Hacker News new | ask | show | jobs
by simonw 785 days ago
Do you have an NVIDIA GPU? I have not had much luck with the transformers library on a Mac.
1 comments

Of course. I thought Nvidia GPUs are pretty much a must have to play with DL models.
Well being able to run these models on CPU was pretty much the revolutionary part of llama.cpp.
I can run them on CPU - HF uses plain Pytorch code - fully supported on CPU.
But it's likely to be much slower than what you'd get with a backend like llama.cpp on CPU (particularly if you're running on a Mac, but I think on Linux as well), as well as not supporting features like CPU offloading.
Are there benchmarks? 2x speed up would not be enough for me to return to c++ hell, but 5x might be, in some circumstances.

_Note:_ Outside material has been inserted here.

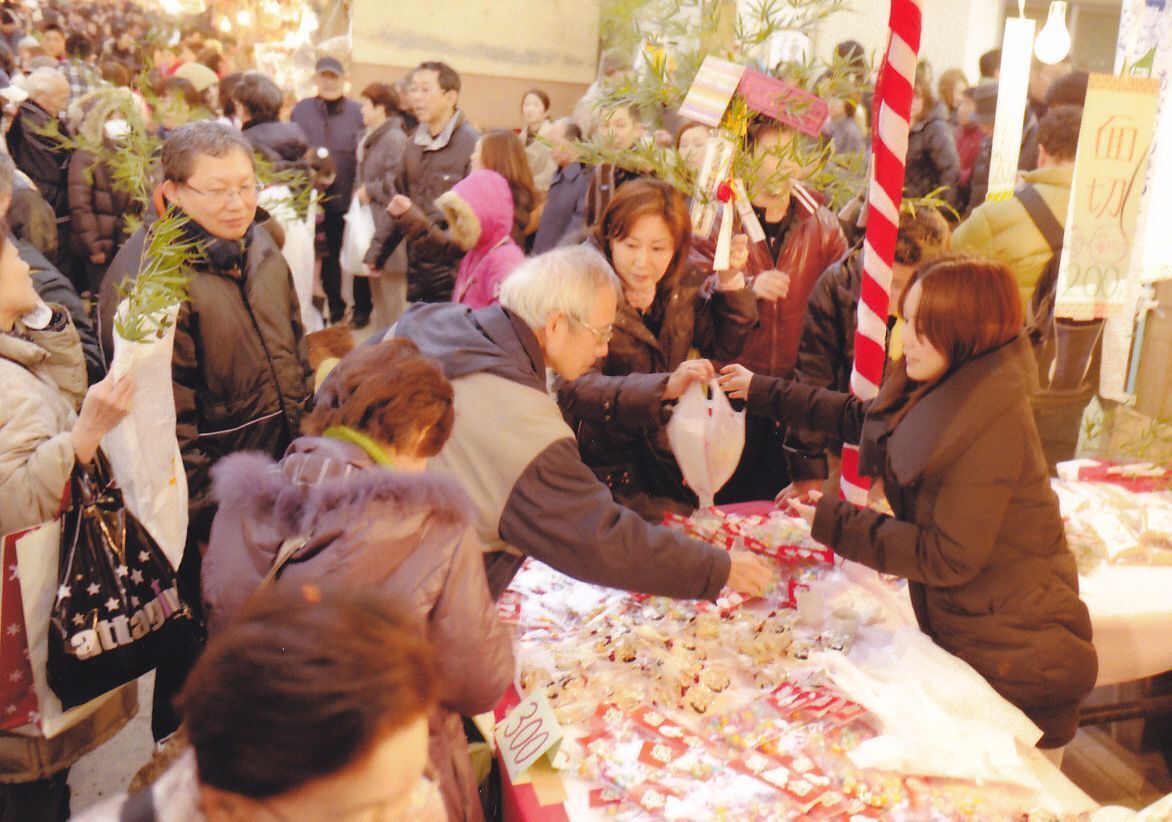 大阪には今宮戎神社(大阪市浪速区)があり、商売の神様である戎さまが祭られています。例年1月9~11日には十日戎という行事があり、3日間で100万人を超える参詣者があります。「福娘」から「福笹」をもらい、「吉兆」の飾りをつけた福笹を持ち帰るというものです。境内周辺には多くの露店が立ち並び、大勢のお客さんで溢れます。

I think the biggest selling point of ollama (llama.cpp) are quantizations, for a slight hit (with q8 or q4) in quality you can get a significant performance boost.
There's a Python binding for llama.cpp which is actively maintained and has worked well for me: https://github.com/abetlen/llama-cpp-python
Ollama supports many radeons now. And I guess llama.cpp does too, after all it's what ollama uses as backend.
PyTorch (the underlying framework of HF) supports AMD as well, though I haven’t tried it.